**** PROVIDED MATERIAL

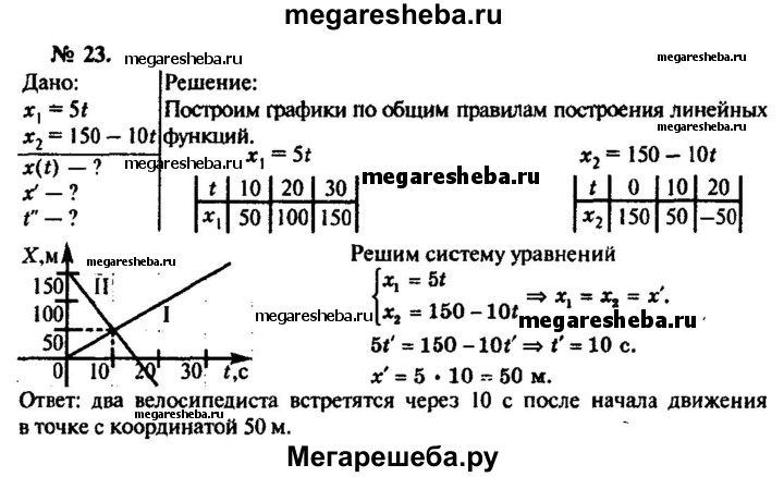 23. Движения двух велосипедистов заданы уравнениями: = 51, х2 = 150 - 10f. Построить графики зависимости x(t). Найти время и место встречи.
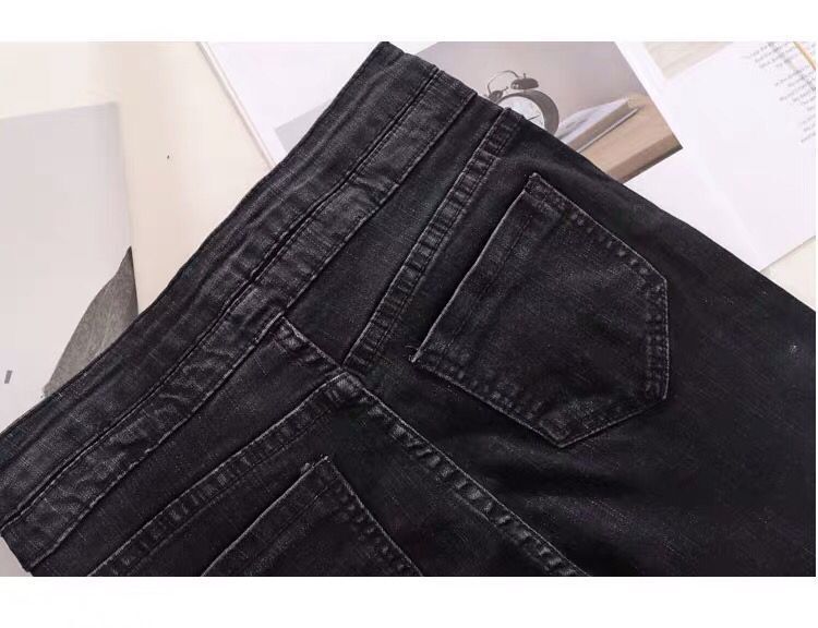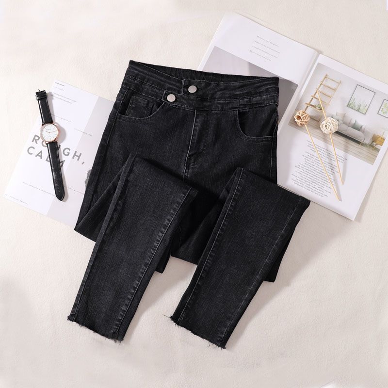 높은 허리 청바지 여성의 봄과 가을 새로운 단단한 슬리밍 더블 브레스트 블랙 레깅스 연필 바지
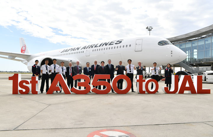 トゥールーズで開かれたJALのA350納入式典で記念撮影する植木会長ら=19年6月13日 PHOTO: Tadayuki YOSHIKAWA/Aviation Wire

********

THE TASK = Your copy of the data should match it exactly, apart from the images, which are omitted.

EXERCISE RESULT =
 23. Движения двух велосипедистов заданы уравнениями: = 51, х2 = 150 - 10f. Построить графики зависимости x(t). Найти время и место встречи.
 높은 허리 청바지 여성의 봄과 가을 새로운 단단한 슬리밍 더블 브레스트 블랙 레깅스 연필 바지
 トゥールーズで開かれたJALのA350納入式典で記念撮影する植木会長ら=19年6月13日 PHOTO: Tadayuki YOSHIKAWA/Aviation Wire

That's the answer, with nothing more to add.